ASSIGNED TASK:
The expected result is a verbatim repetition of the lines from the start of the entries through the line containing "Please note that", with the pictures removed.
----- RECORDS -----
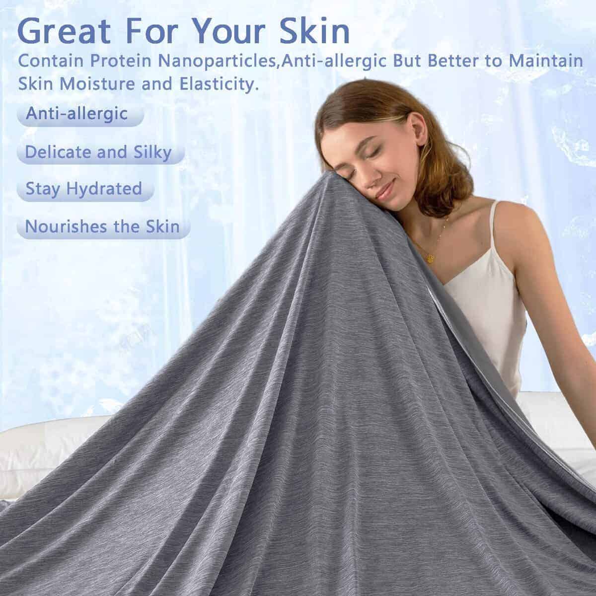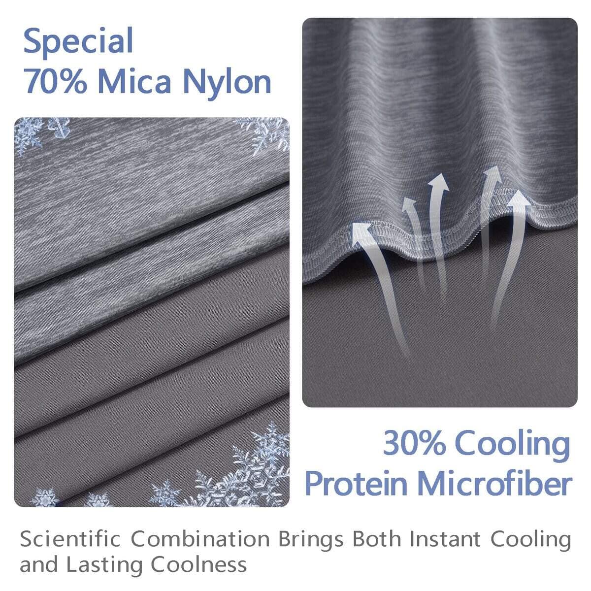 3. Diseño de Enfriamiento de Doble Cara: La parte superior está hecha de un 70% de nailon de mica especial con un 30% de microfibra de proteína de enfriamiento, esta combinación científica perfecta aporta frescura duradera e instantánea. Las mantas de enfriamiento hacen que las personas se sientan más cómodas, más transpirables y más frescas en los días insoportablemente calurosos de verano. El fondo está hecho de un 100% de microfibra de proteína de enfriamiento, que es suave, amigable con la piel, cómodo y transpirable, perfecto para primavera y otoño.
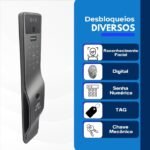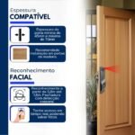 Funcionamento: Para abrir basta usar o celular, colocar a digital ou digitar a sua senha ou aproximar o cartão de proximidade ou usar a chave mecânica. Possui trava interna para maior privacidade impedindo a abertura por fora. Veja pelo seu celular quem tocou a campainha e decida abrir ou não.
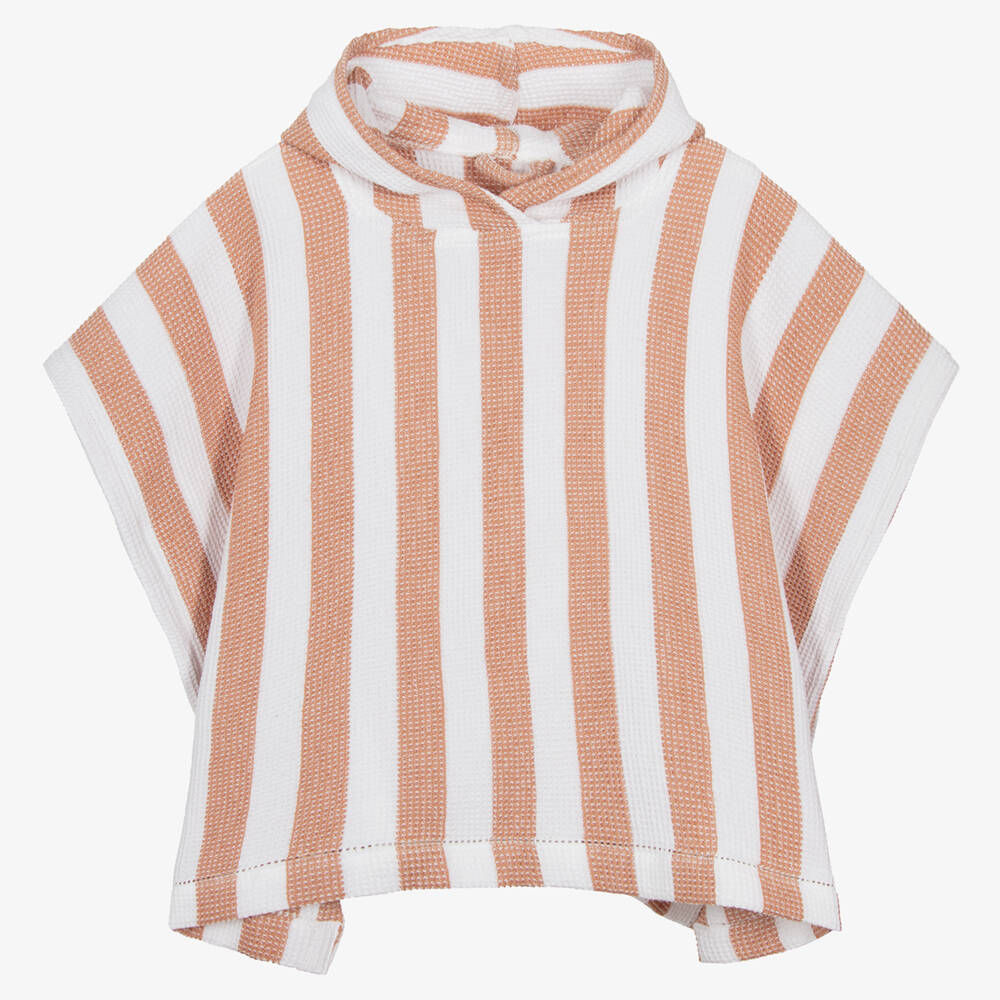 Terracotta pink and white striped poncho towel for girls by Liewood, woven in softly textured organic cotton. Ideal for days at the beach, this hooded design has a lightweight feel with a waffle texture. Great for coverage after a swim, this absorbent towel has open sides to allow younger ones to move with ease. There is a logo tab on one side to identify the brand.
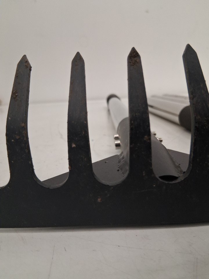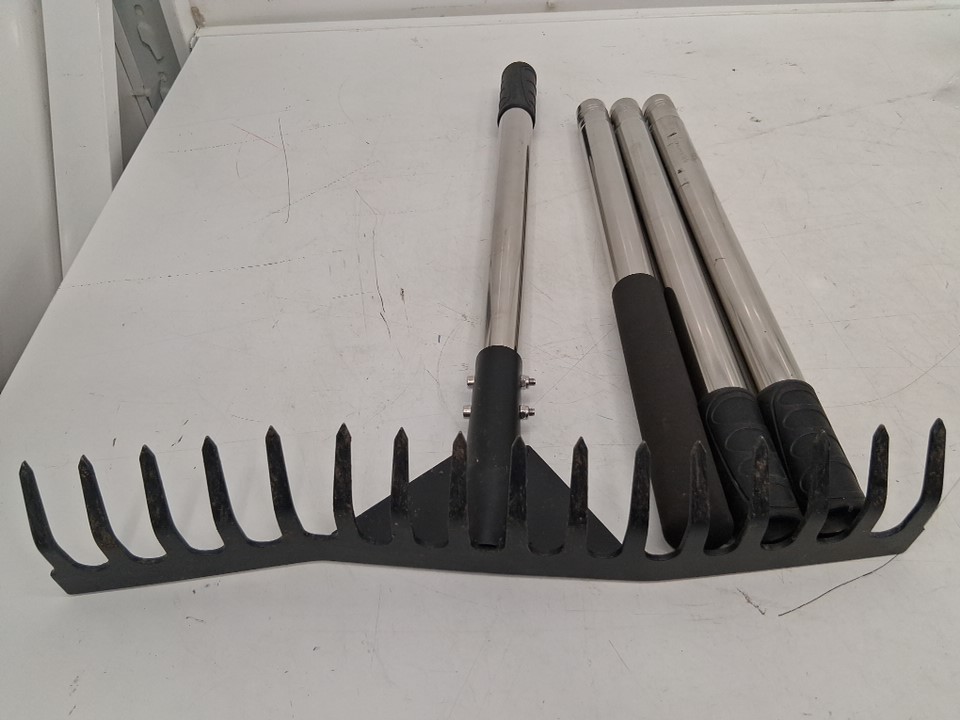 Please note that the item has grass/debris on the rake head. The head also appears to have some slight bends, however, should still be fully usable
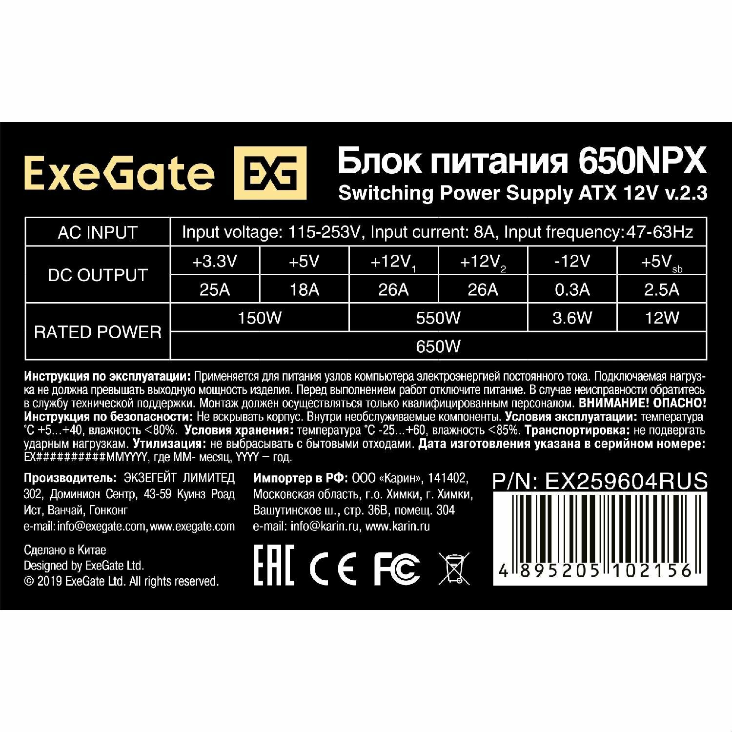 Блок питания ATX 650 Вт Exegate 650NPX EX259604RUS
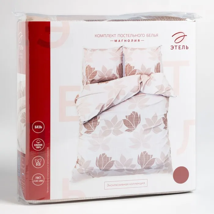 Постельное бельё "Этель" евро Магнолия 200 *217 см, 220*240 см, 70*70 см -2 шт, бязь — Характеристики
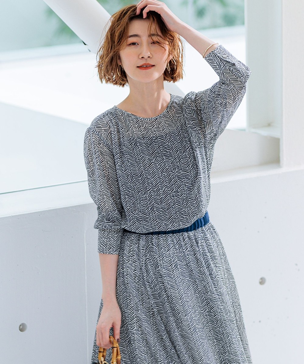 ワンピースの装いはそのまま一枚でもお召しいただけますが、カーディガンやジャケットを合わせるときちんと感が出ます。
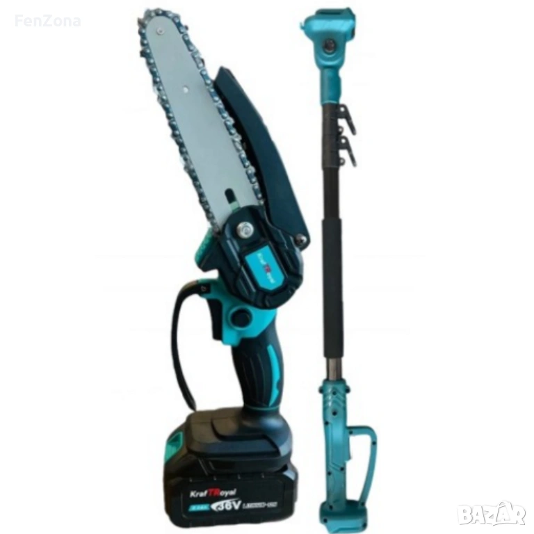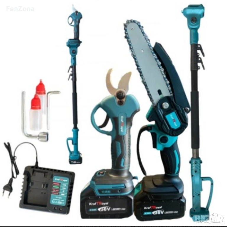 Комплект 3 в 1 от акумулаторна лозарска ножица, акумулаторен мини верижен трион и телескопичен прът
-----
RESULT FOR THIS EXERCISE:
 3. Diseño de Enfriamiento de Doble Cara: La parte superior está hecha de un 70% de nailon de mica especial con un 30% de microfibra de proteína de enfriamiento, esta combinación científica perfecta aporta frescura duradera e instantánea. Las mantas de enfriamiento hacen que las personas se sientan más cómodas, más transpirables y más frescas en los días insoportablemente calurosos de verano. El fondo está hecho de un 100% de microfibra de proteína de enfriamiento, que es suave, amigable con la piel, cómodo y transpirable, perfecto para primavera y otoño.
 Funcionamento: Para abrir basta usar o celular, colocar a digital ou digitar a sua senha ou aproximar o cartão de proximidade ou usar a chave mecânica. Possui trava interna para maior privacidade impedindo a abertura por fora. Veja pelo seu celular quem tocou a campainha e decida abrir ou não.
 Terracotta pink and white striped poncho towel for girls by Liewood, woven in softly textured organic cotton. Ideal for days at the beach, this hooded design has a lightweight feel with a waffle texture. Great for coverage after a swim, this absorbent towel has open sides to allow younger ones to move with ease. There is a logo tab on one side to identify the brand.
 Please note that the item has grass/debris on the rake head. The head also appears to have some slight bends, however, should still be fully usable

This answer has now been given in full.